▶ **TASK STATEMENT**
Where a line in the records holds "foot", count it once; return only the final number.
*** SOURCE DATA
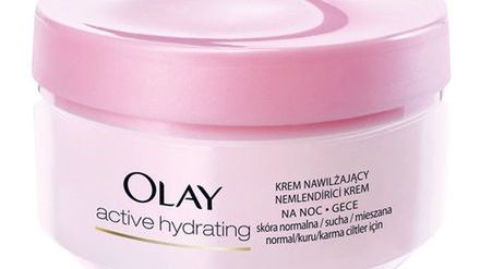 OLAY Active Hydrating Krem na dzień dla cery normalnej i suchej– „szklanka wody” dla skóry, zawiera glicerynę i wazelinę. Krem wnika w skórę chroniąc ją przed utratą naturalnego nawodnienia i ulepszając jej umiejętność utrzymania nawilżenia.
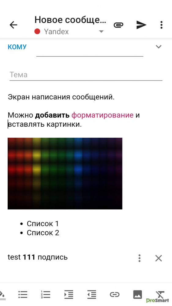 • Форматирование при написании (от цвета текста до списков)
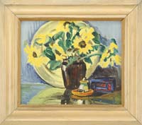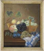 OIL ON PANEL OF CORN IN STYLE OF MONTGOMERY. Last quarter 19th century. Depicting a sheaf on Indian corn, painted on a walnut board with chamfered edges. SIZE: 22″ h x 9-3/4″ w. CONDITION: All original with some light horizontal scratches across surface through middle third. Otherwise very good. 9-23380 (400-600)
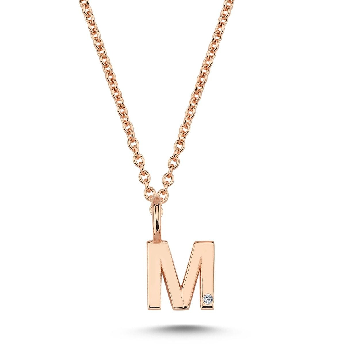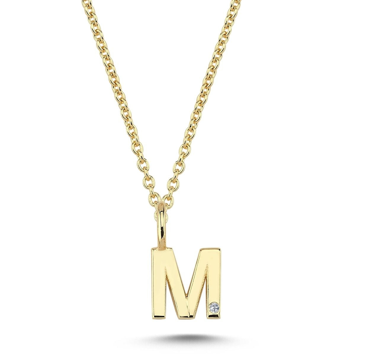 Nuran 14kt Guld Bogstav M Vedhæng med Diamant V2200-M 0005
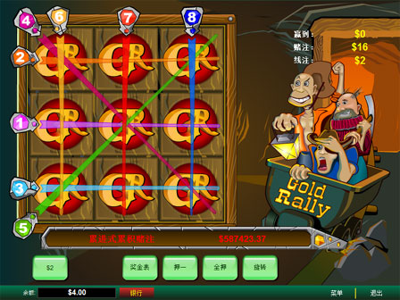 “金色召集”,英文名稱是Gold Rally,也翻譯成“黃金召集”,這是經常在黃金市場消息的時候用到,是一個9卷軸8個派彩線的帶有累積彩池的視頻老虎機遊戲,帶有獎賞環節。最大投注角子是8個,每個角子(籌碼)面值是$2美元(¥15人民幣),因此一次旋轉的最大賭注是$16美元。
******
*** SOURCE DATA
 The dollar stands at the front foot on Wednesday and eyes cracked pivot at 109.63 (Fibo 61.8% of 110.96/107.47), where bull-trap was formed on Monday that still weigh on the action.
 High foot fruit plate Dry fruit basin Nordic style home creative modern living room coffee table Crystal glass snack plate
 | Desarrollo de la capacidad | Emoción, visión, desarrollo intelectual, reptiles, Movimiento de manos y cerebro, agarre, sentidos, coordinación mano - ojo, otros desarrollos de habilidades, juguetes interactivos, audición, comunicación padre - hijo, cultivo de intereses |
******
▶ **TASK RESULT**
2